Opening a can of worms
Executive Secretary Eduardo Ermita yesterday said economic managers and mon-etary authorities will look into the possibility of giving "special" rates for the dollars remitted by overseas workers. What is there to study?The managers and Bangko Sentral officials do not even have to review their textbook in Economics 101 to shoot down the proposal out of hand. With Gloria Arroyo pandering to every politically powerful block, introducing multiple exchange rates is a foolhardy step down a precipitous slope. Let’s not even think of the economic consequences of multiple exchange rates. Let’s just imagine the effects of giving the corrupt administration additional powers to reward/punish economic units through multiple peso/dollar rates.

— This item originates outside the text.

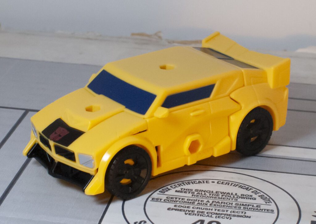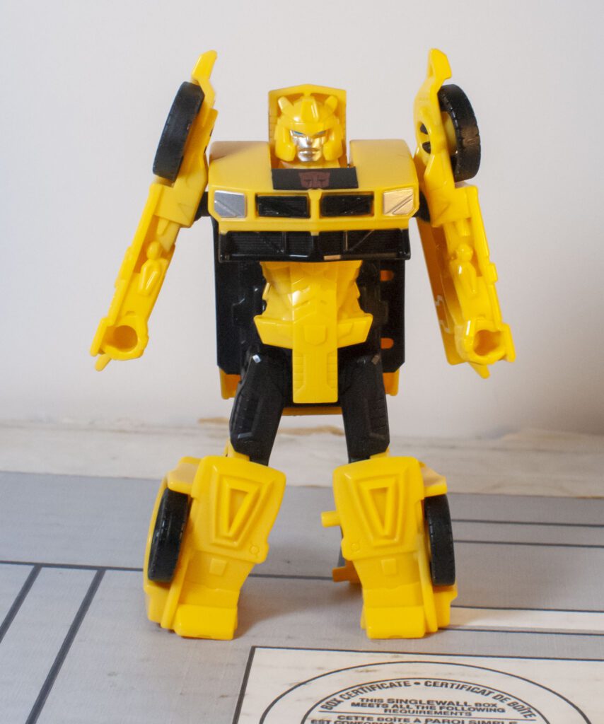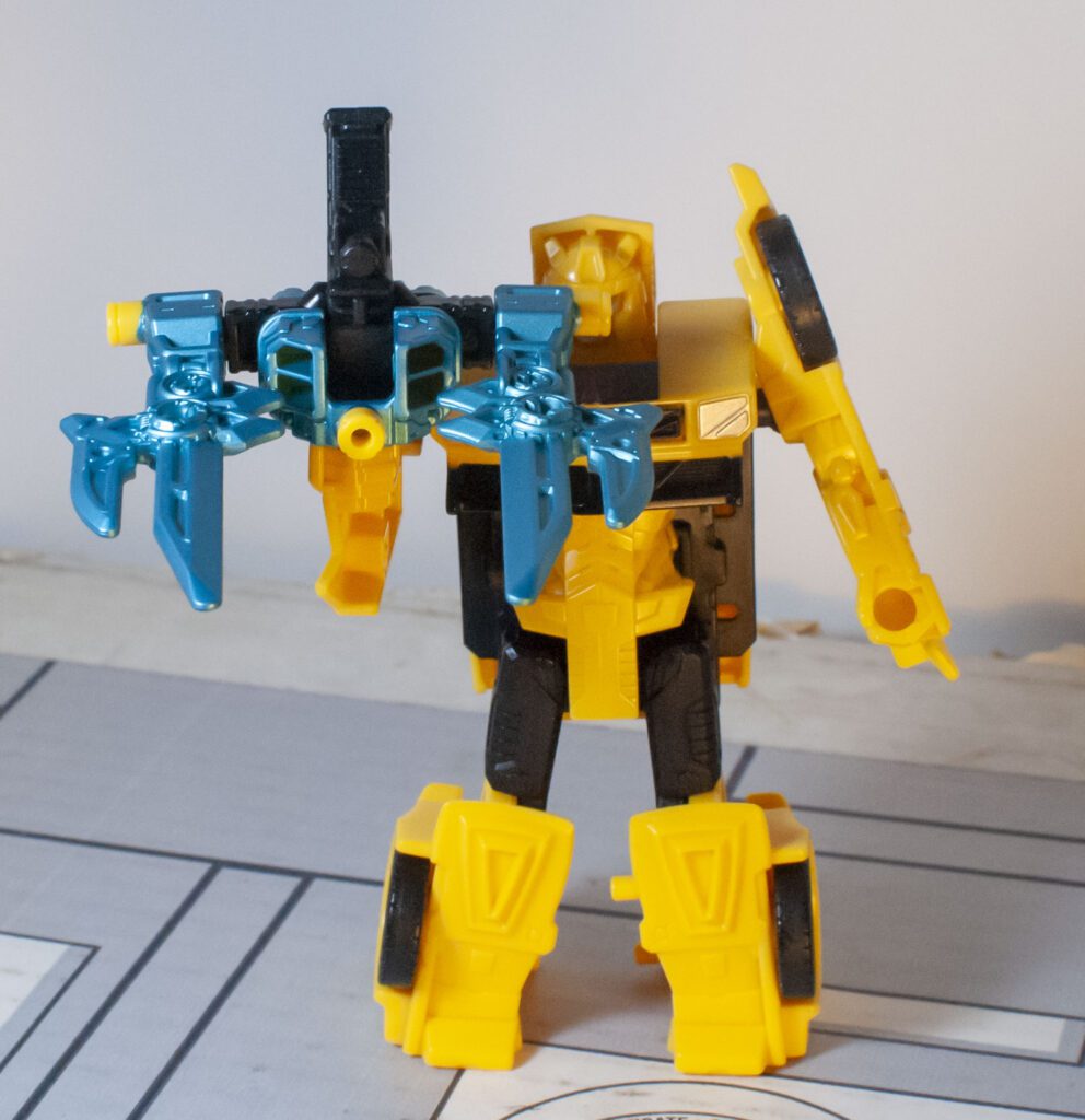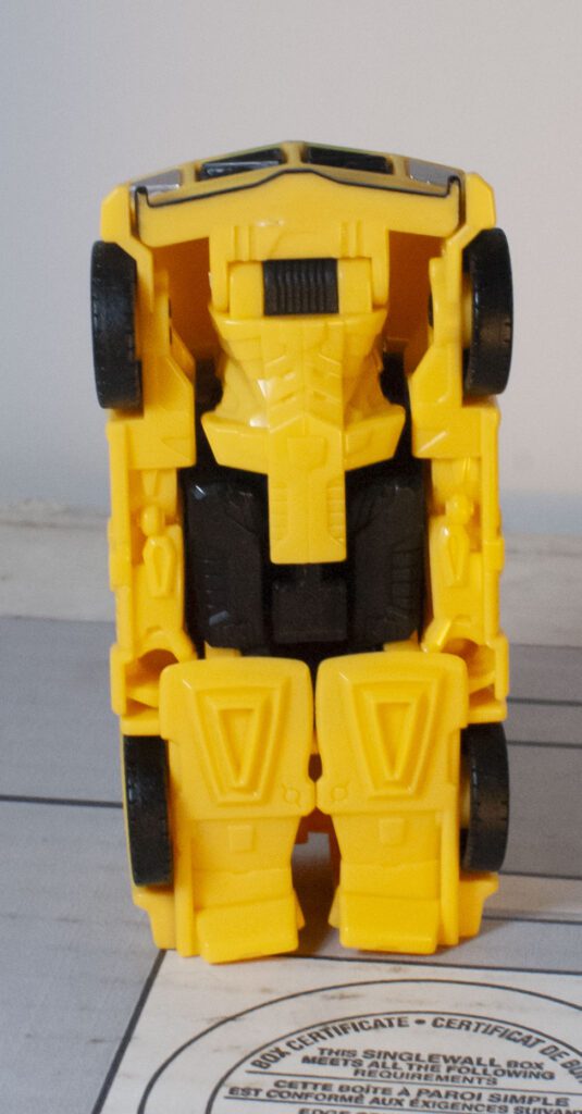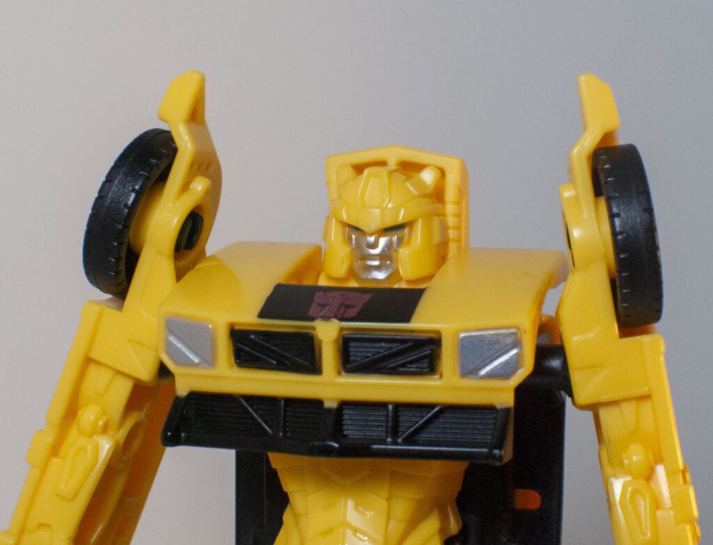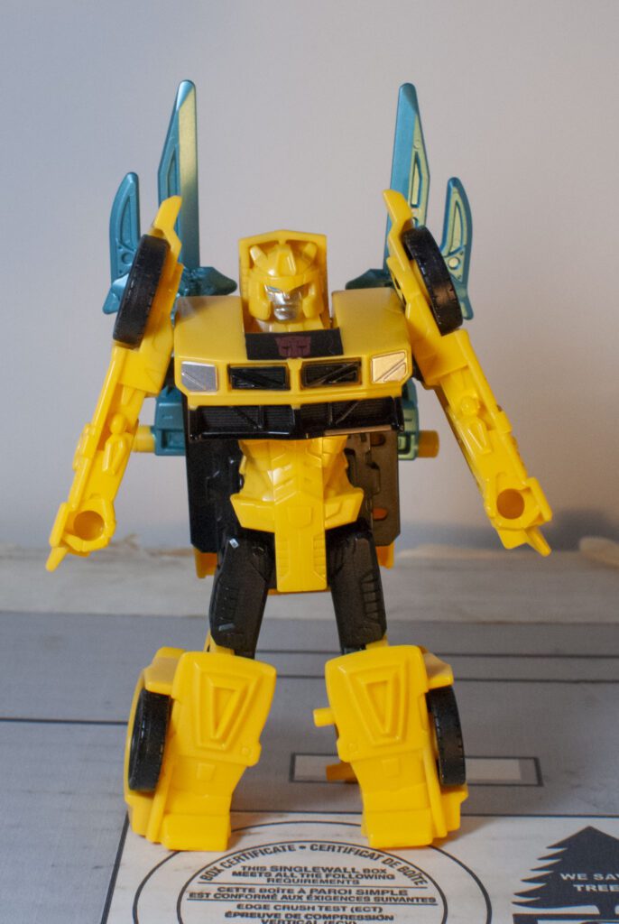 For colors, he’s what you’d expect from a Bumblebee: Honey yellow and black, with bits of red, silver, and blue eyes. He even matches the show’s deco decently well, with only some missing blue highlights.

Let’s not fool ourselves with the phrase "special rates." It means OFWs will be given the privilege of exchanging their dollars for more pesos than the rate set, as determined by the market. We are familiar with the plaints of OFWs and their dependents. They used to get up to P56 for every dollar. Now, it’s only P45 to the dollar. This means that if an OFW is sending home $500 a month, his family is now getting P5,725 less than it used to. Clearly, OFW families are losers in the strengthening of the peso.
But that’s only one side of the coin. The other side is that OFW families are consumers, too. The stronger peso has resulted in the taming of inflation. Imported raw materials, especially fuel, are relatively cheaper. And this has a direct impact on the stabilization of the prices of basic commodities.
OFWs are borrowers, too, and they, as much as everybody else surely, must have benefited from lower interest rates. It’s now easier to buy television sets, DVDs, karaoke machines and other creature comforts on installment. Buying or building houses is also more affordable now with lower mortgage rates.
And surely OFW families must also be benefiting from what the government boasts as higher social spending in the wake of easier debt payments as a result of a stronger peso. These social dividends are enjoyed by families whose bread winners are not taxed on their income in the first place.
And after the OFWs, who’s next in line for "special" exchange rates? The exporters who at the moment are also being squeezed by their lower peso earnings on the same dollar receipts? And which specific exporters - agricultural producers, processors and traders? And producers of which specific crops – coconut and its products, sugar, bananas, pineapples, papayas, asparagus, etc.?
Before we know it, every interest group would be lining up at the Palace to plead for inclusion in the list of "special rate" beneficiaries.
It would be dollar quota of the 1950s and 1960s in reverse.
Wouldn’t it be rich, the current administration closing its regime of thievery by going back to a discarded system?